→ Exercise materials
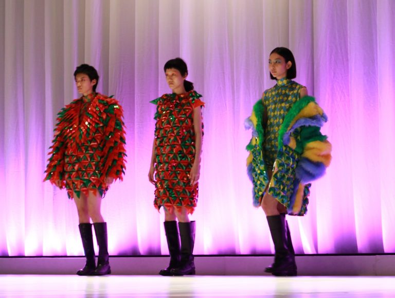 また、堂浦さんは、企業の社会的責任を意味する「CSR」のマークをモチーフに、ポリエステルの折り紙を1枚ずつつなぎ合わせた、細かな手仕事が際立つコレクションを制作lしました。
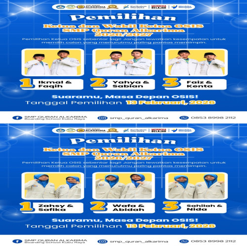Pemilihan Ketua dan Wakil Ketua OSIS SMP Quran Alkarima Periode 2026/2027 bukan sekadar agenda organisasi, tetapi merupakan bagian dari proses besar pembentukan generasi pemimpin Qur’ani yang siap membangun masa depan umat dan bangsa.
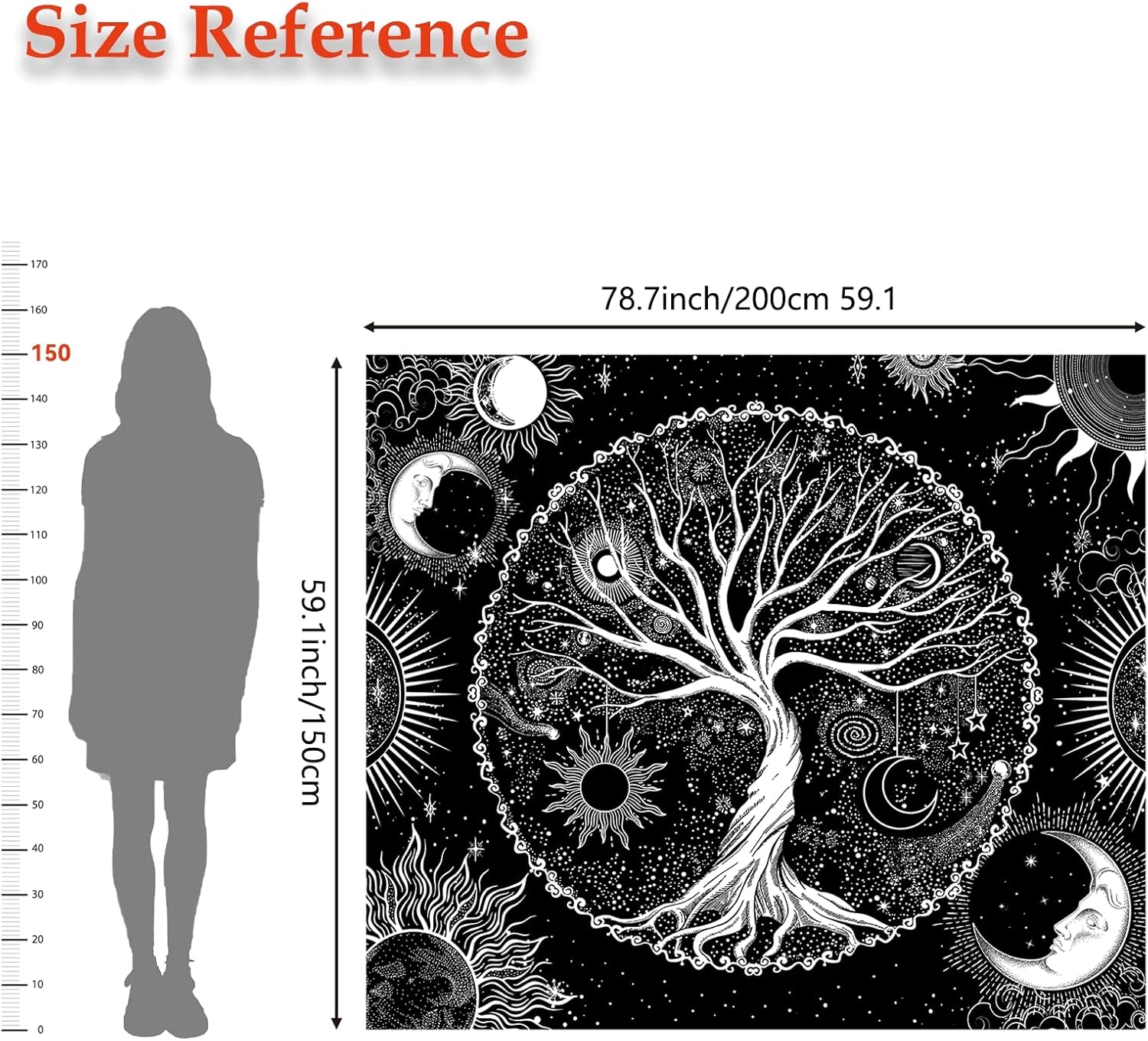 - This wall tapestry is unique design with tree, sun, moon, stars, and galaxy space elements. It's made from high quality polyester fabric, which is skin-friendly, soft, lightweight, durable, and has no peculiar smell
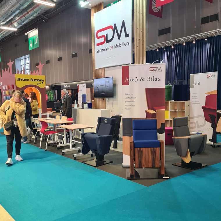 Les fauteuils d’amphithéâtre Axe 3 & Bilax ont particulièrement marqué les visiteurs, notamment avec le modèle ayant équipé le nouveau Campus PSG, emblématique du savoir-faire de SDM en matière de projets sur-mesure pour les grandes enceintes sportives et culturelles.
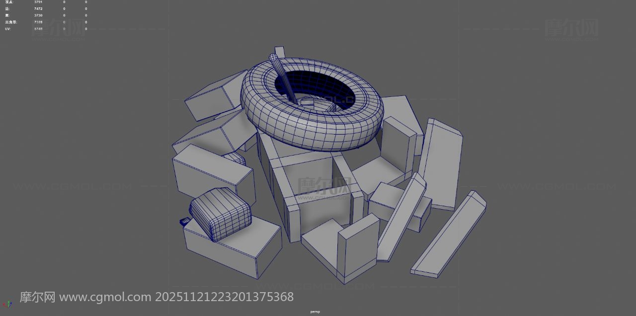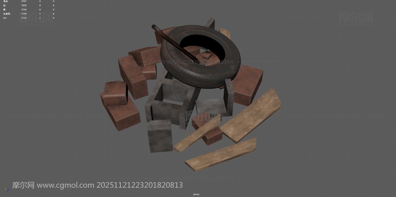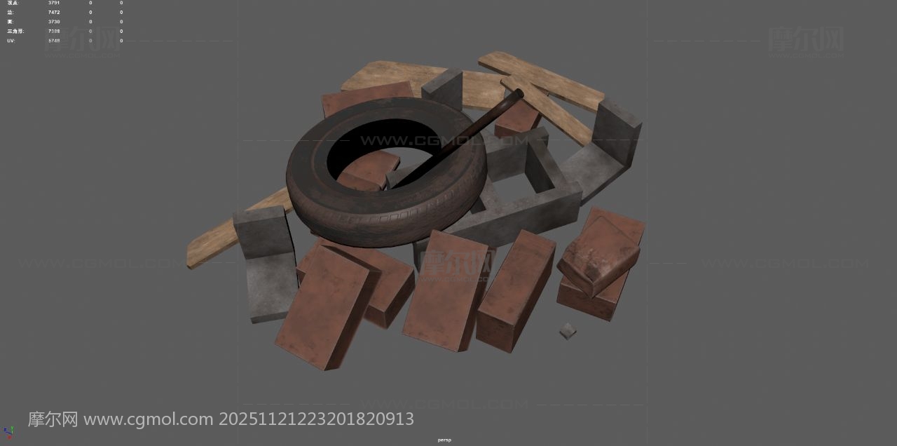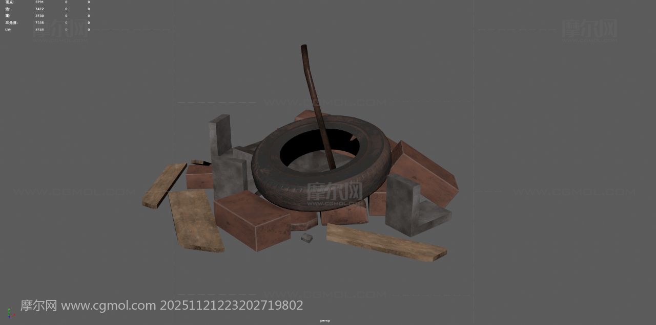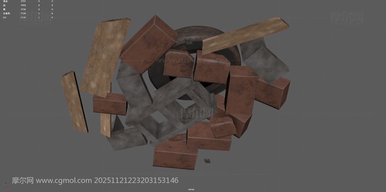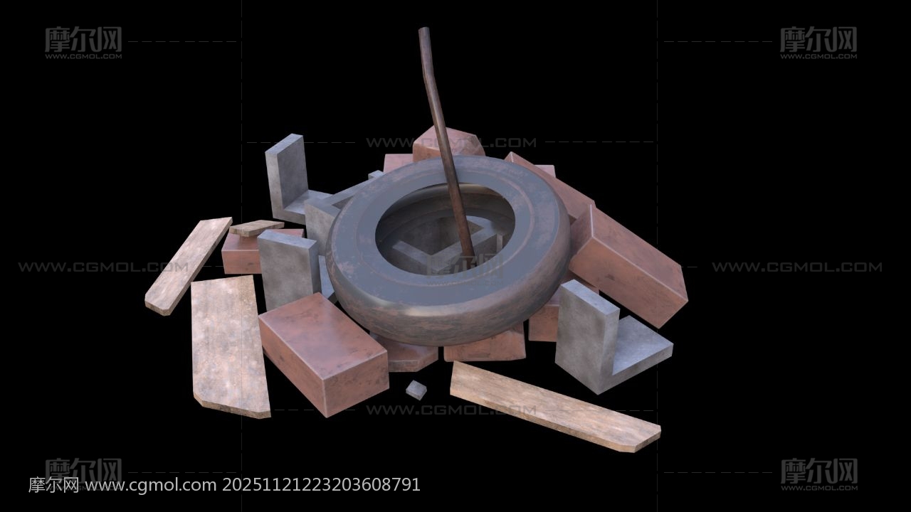 工地废墟 砖块 垃圾堆 破木板 石碓 工地乱砖头 废墟 max maya fbx obj 破轮胎
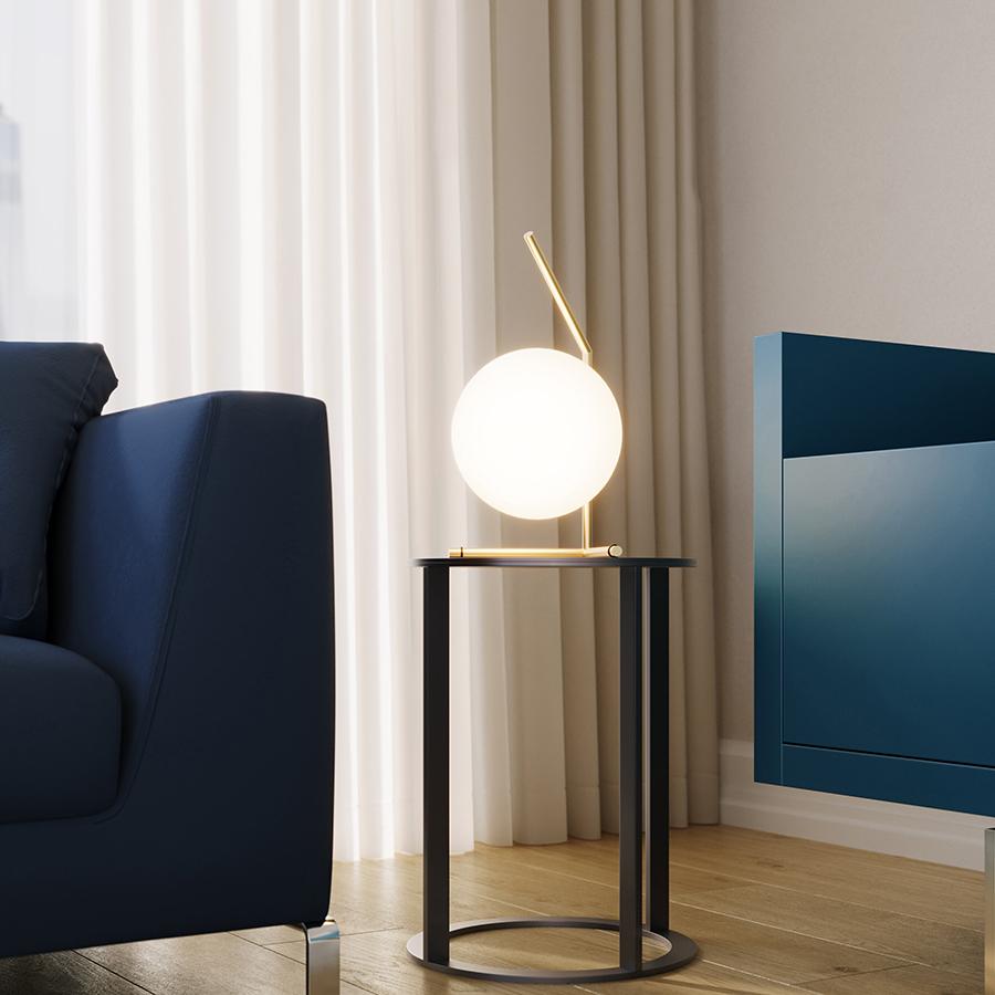 マイケル・アナスタシアデスがデザインしたIC LIGHT。ガラスの球体と細く傾いた棒が絶妙なバランスで組み合わせられたデザインです。
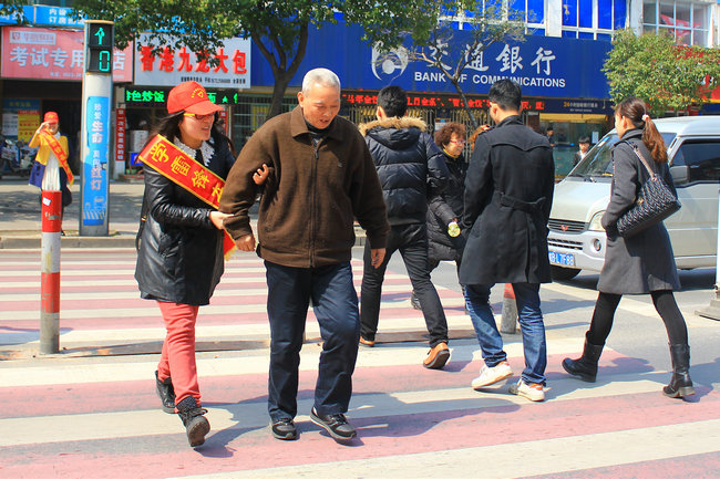 针对公司西门交通较为混乱的情况,志愿者们自发在下班高峰期进行交通协管,文明劝导的志愿服务。一组组志愿者们风雨无阻,在马路两边劝阻行人以及电瓶车、摩托车的闯红灯的行为;替行动较慢的老年人向交通部门提出延长绿灯时间的建议;遇到老年人或者老幼相携过马路的情况,他们便主动询问是否需要帮助,陪伴其顺利通过。

→ How to complete this task
Output all data exactly, omitting images.

→ Finished task
 また、堂浦さんは、企業の社会的責任を意味する「CSR」のマークをモチーフに、ポリエステルの折り紙を1枚ずつつなぎ合わせた、細かな手仕事が際立つコレクションを制作lしました。
Pemilihan Ketua dan Wakil Ketua OSIS SMP Quran Alkarima Periode 2026/2027 bukan sekadar agenda organisasi, tetapi merupakan bagian dari proses besar pembentukan generasi pemimpin Qur’ani yang siap membangun masa depan umat dan bangsa.
 - This wall tapestry is unique design with tree, sun, moon, stars, and galaxy space elements. It's made from high quality polyester fabric, which is skin-friendly, soft, lightweight, durable, and has no peculiar smell
 Les fauteuils d’amphithéâtre Axe 3 & Bilax ont particulièrement marqué les visiteurs, notamment avec le modèle ayant équipé le nouveau Campus PSG, emblématique du savoir-faire de SDM en matière de projets sur-mesure pour les grandes enceintes sportives et culturelles.
 工地废墟 砖块 垃圾堆 破木板 石碓 工地乱砖头 废墟 max maya fbx obj 破轮胎
 マイケル・アナスタシアデスがデザインしたIC LIGHT。ガラスの球体と細く傾いた棒が絶妙なバランスで組み合わせられたデザインです。
 针对公司西门交通较为混乱的情况,志愿者们自发在下班高峰期进行交通协管,文明劝导的志愿服务。一组组志愿者们风雨无阻,在马路两边劝阻行人以及电瓶车、摩托车的闯红灯的行为;替行动较慢的老年人向交通部门提出延长绿灯时间的建议;遇到老年人或者老幼相携过马路的情况,他们便主动询问是否需要帮助,陪伴其顺利通过。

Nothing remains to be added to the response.